Education & Certification
Undergraduate Degree: New York University - Bachelors, Economics
Graduate Degree: New York University - Masters, Quantitative Analysis
Golf, theater, movies, computers, technology, math
What is your teaching philosophy?
Craft a teaching method to the learning style and foundation of the student. Attempt to relate new information to existing knowledge wherever possible.
What might you do in a typical first session with a student?
Get to know the student and their background.
How can you help a student become an independent learner?
Assist in having the student truly understand the topics at hand. Once understood, future topics will be easier to add to their foundational base.
How would you help a student stay motivated?
Show praise wherever they have achieved a correct result with understanding. Let them know when they have made an error, and guide them through to a correct understanding.
If a student has difficulty learning a skill or concept, what would you do?
Try a new approach until something clicks. It's often necessary to back up a step or two until the student has comfort with the material.
How do you help students who are struggling with reading comprehension?
Slow the process down and try to discuss and visualize what is being read.
What strategies have you found to be most successful when you start to work with a student?

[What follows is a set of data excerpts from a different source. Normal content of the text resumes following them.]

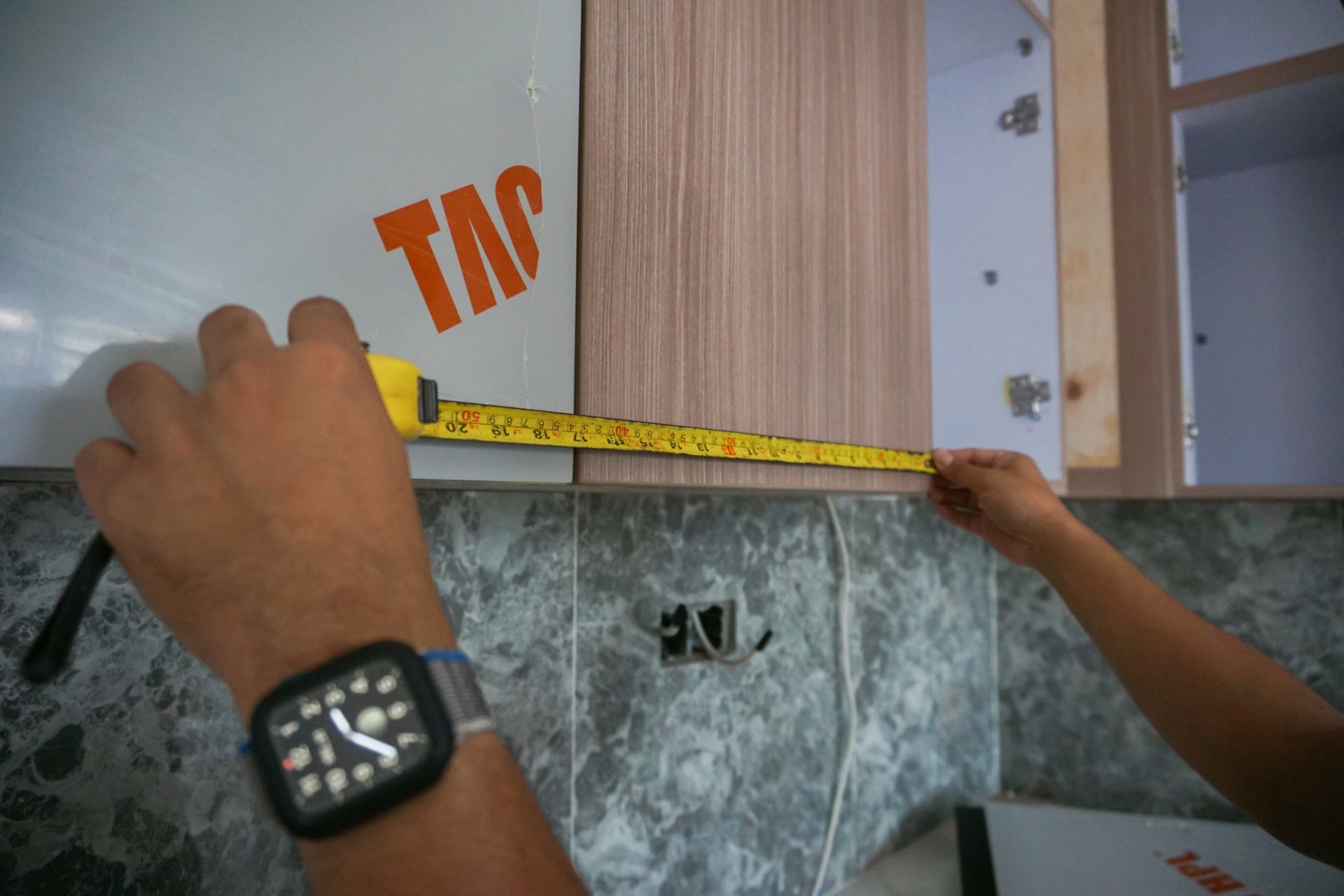 Pemeriksaan ukuran terakhir setelah pintu dipasang pada boks.
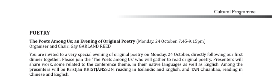 | 7:45pm - 9:15pm | The Poets among Us: an Evening of Original Poetry Facilitator: Gay Garland REED |
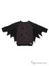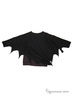 Очень оригинальный лонгслив из мягкого трикотажа. Спереди небольшой принт в виде звездочек. Рукава из ткани более темного цвета. Сзади изделие имеет «плащ», который пришит по всей длине рукавов и ворота. «Плащ» в виде крыльев летучей мыши, края необработанные. Очень оригинальная и необычная модель, которая обязательно понравится вашему маленькому моднику!
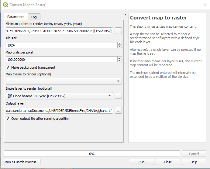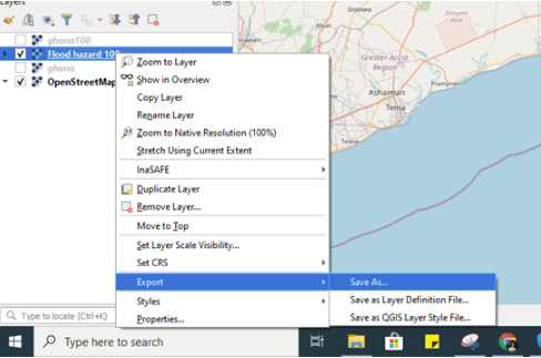 Tenemos que pre-procesar los datos del raster para estar seguros de que el análisis será rápido y no arrojará ningún error. Para ello, se guarda el raster del WMS como un GeoTiff dentro del proyecto QGIS, ya que el análisis de InaSAFE lo requiere para tomar la información desde el disco duro de su dispositivo.
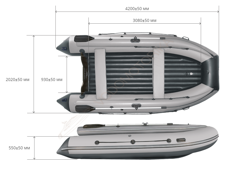 REEF 420Fi НД Тритон имеет длину 4.20 м при ширине 1.93 м.
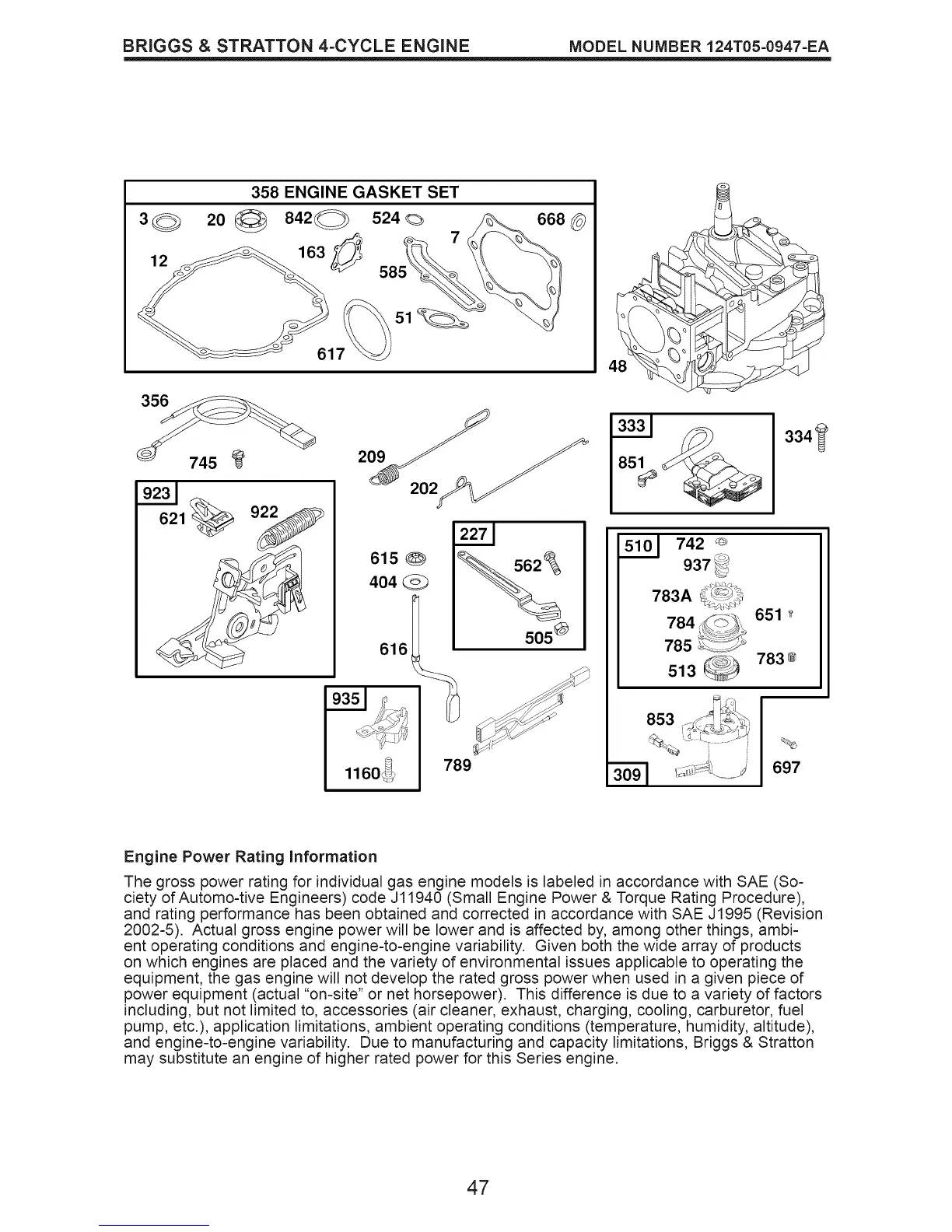 including, but not limited to, accessories (air cleaner, exhaust, charging, cooling, carburetor, fuel

Have some small talk around topics totally unrelated, where the student has some mastery or strong interest. Establish an environment of success.

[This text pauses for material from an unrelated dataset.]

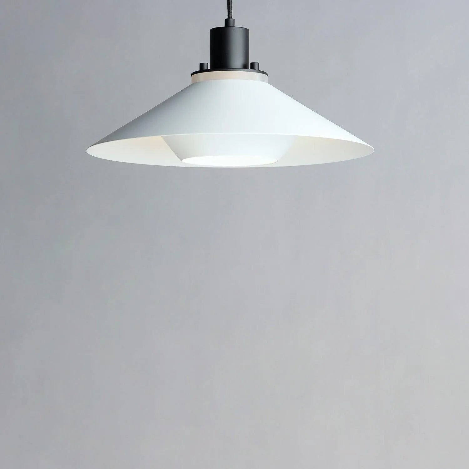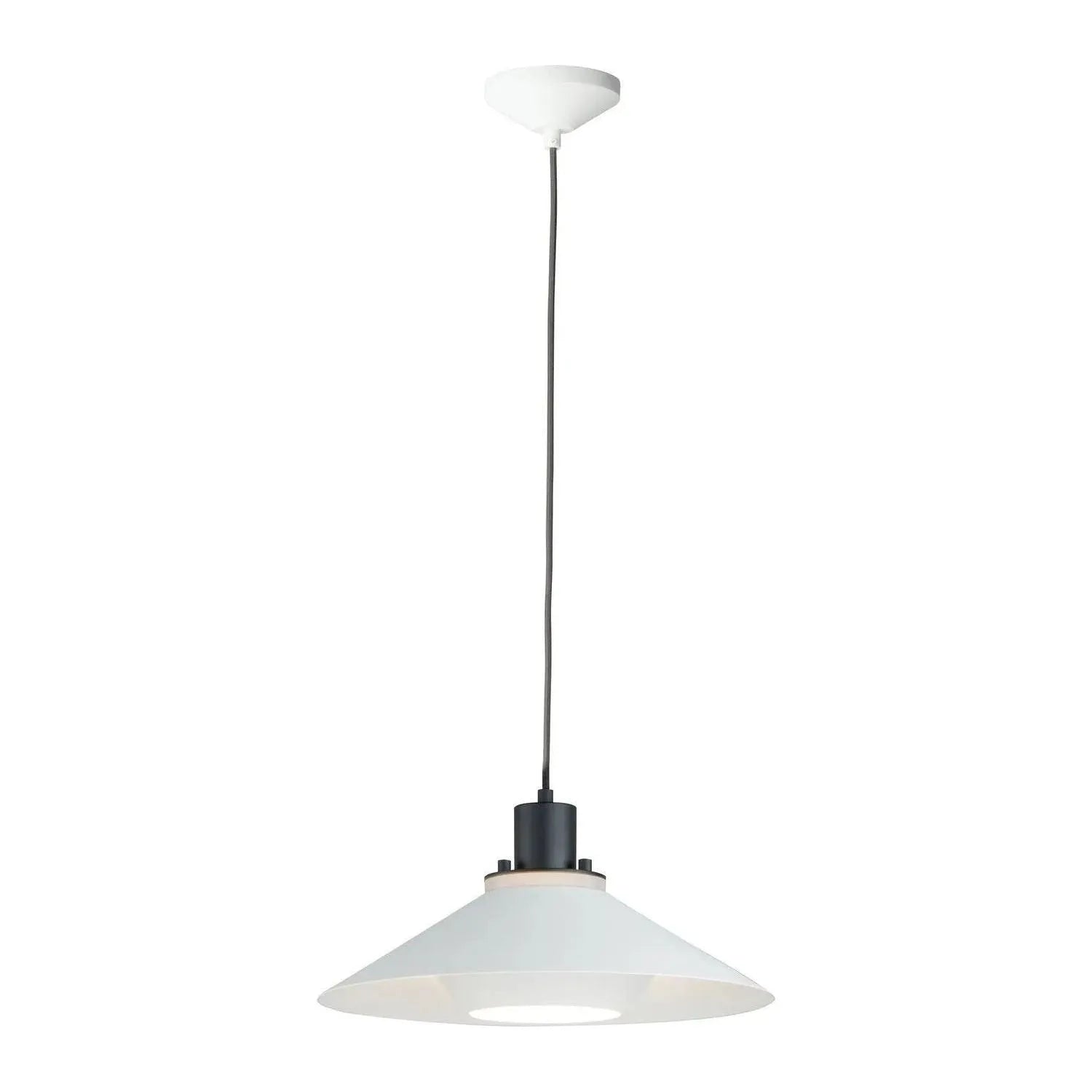 Influenced by early modern Scandinavian design, the Oslo pendants feature a light reveal above the shade as well as an inner shade that reduces glare and creates an interesting lighting effect. Finished in a combination of Matte White shades with Matte Black tops, this design coordinates with any color in a space. Available in 3 sizes, these pendants fit over various size counters as well as smaller dining areas.

How would you help a student get excited/engaged with a subject that they are struggling in?
Break it down into topics where the student has mastery. Show them how even the most complicated looking topics are made up of a number of simpler ones.
What techniques would you use to be sure that a student understands the material?
Have them explain what they are doing in their own voice. Try to get them away from the calculations and explain it to me as though I did not know anything. Teaching is a great way to learn.
How do you build a student's confidence in a subject?
Praise the correct approach, understanding, and results.
How do you evaluate a student's needs?
Through use of sample questions that relate to foundational topics. Trying to identify where there may be cracks in that foundation.
How do you adapt your tutoring to the student's needs?
All students love the feeling of success, which is ultimately the ability to understand and execute in a given topic. How they get to that moment varies by student. Looks for the "ah ha" moments, and use that to craft a style around the student.
What types of materials do you typically use during a tutoring session?
Depending on the age ... for your children, I try to use manipulatives such as blocks, dominoes, Legos, etc. Since they are familiar with these, it’s easier for them to be comfortable. For older students, videos of lessons can be an excellent source, plus they can be returned to for review.